I think the problem comes from special characters but this is a biom file issue I think.
What are these characters added at the end?
I’m afraid you’ve lost me. I don’t know what you’ve done exactly, using what code/method, and what you are now trying to do. Could you please clarify these and provide exact codes you’re using?
Remember that when you produce a feature table from DADA2/Deblur, these are ASVs and don’t have taxonomy attached to them. This is done intentionally in QIIME 2 as well as other platforms like Phyloseq. The taxonomy stays separate in both platforms and is only called on when needed.
If you want your biom table to have taxonomy instead of ASV IDs (which is not something I would personally advise) you can use an approach like I describe here, just skip the OTU clustering part.
I’m in the process of figuring this out. I will post here when I got to resolve it so that others would be able to find the solution if they had the same issue.

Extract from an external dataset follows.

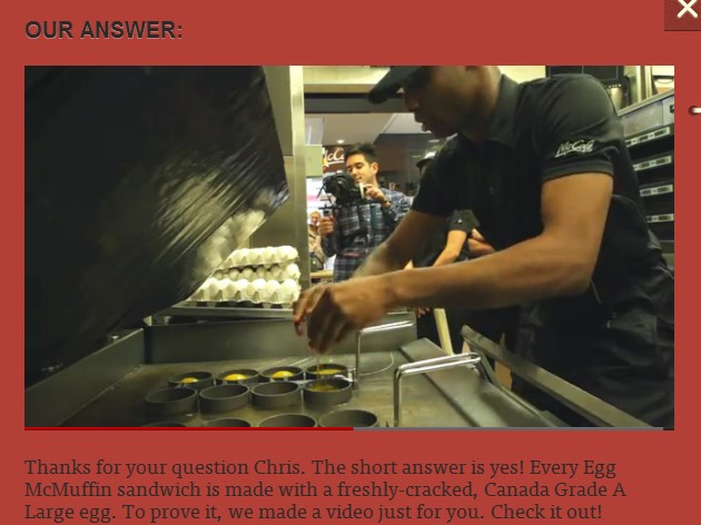 这种问题在社区中很多,这些看似尖锐但是消费者真正关心的问题,麦当劳都处理的非常好,比如为了说明这个鸡蛋是真的鸡蛋,他们也为此拍摄了一段视频,自揭老底把鸡蛋松饼的制作过程都拍摄下来。
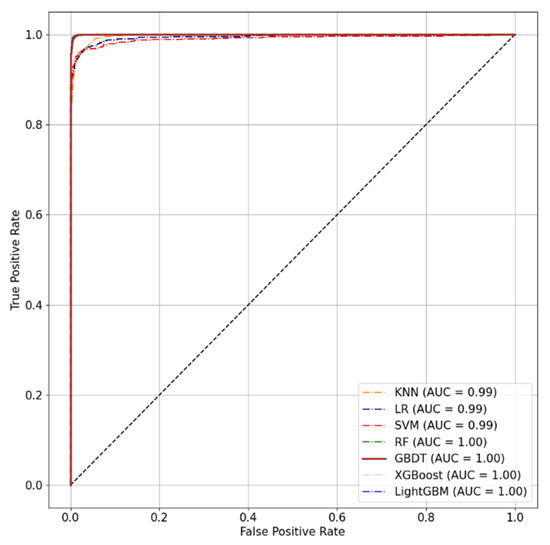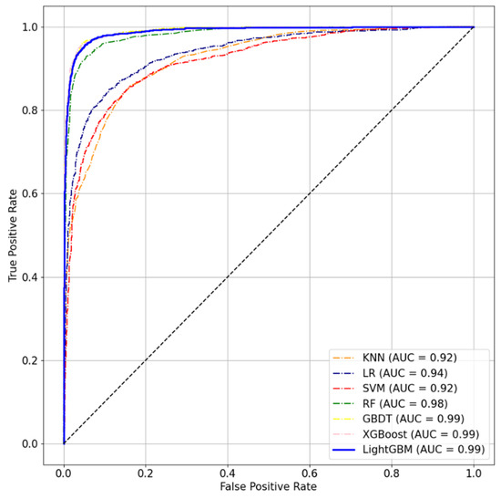 The accuracies of GBDT, XGBoost, LightGBM, and RF are all higher than 90%, with LightGBM having the highest accuracy (94.65%). From the point of view of the ROC curve, GBDT, XGBoost, and LightGBM have an area under the ROC curve (AUC) of 0.99.

Thanks, that would be great!
Remember that in both QIIME 2 and phyloseq, -by design- the taxonomy of your features is kept in a separate file and is only called on when taxonomy info is required. Meaning that if you are working with phyloseq, then you’ll need to import a separate taxonomy file, and not have this part of your biom table. Even though you CAN add taxonomy to your biom table, this isn’t the recommended approach.
Since you are operating from Qiita to QIIME 2/phyloseq, have a look at this tutorial here to see how you can create taxonomy file in QIIME 2, importing that into R/phyloseq is easy following the links you posted earlier.